## SUPPLIED INFORMATION
• • • • • • •
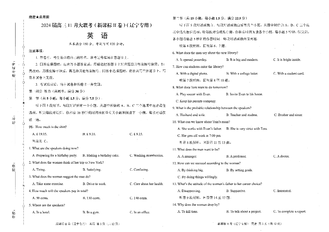 辽宁省2024届高三11月半期大联考(辽宁专用)英语
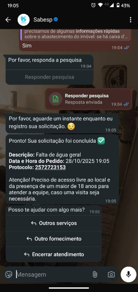 Diante do problema, os moradores buscam os canais oficiais. Em uma das tentativas de contato, um consumidor registrou a reclamação de “Falta de água geral” através de um aplicativo de mensagens. O sistema gerou um protocolo (2572723153) e deu a solicitação como concluída.
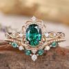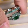 Luxury Inlaid with Green White Stone Gold Color Round Hollow Flower Rings Set Fashion Party Rings for Women Jewelry
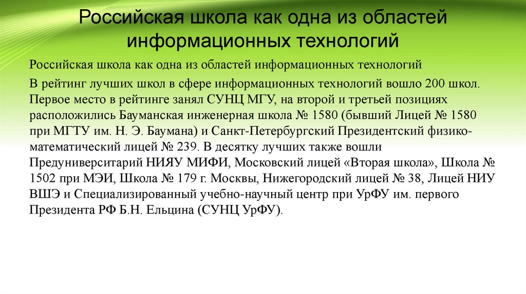 Российская школа как одна из областейинформационных технологий
• • • • • • •
## PROBLEM TO SOLVE
Everything from the line that contains "Luxury Inlaid with" to the final line of the data is to be duplicated exactly, both ends included, except the pictures.

## EXERCISE OUTPUT
 Luxury Inlaid with Green White Stone Gold Color Round Hollow Flower Rings Set Fashion Party Rings for Women Jewelry
 Российская школа как одна из областейинформационных технологий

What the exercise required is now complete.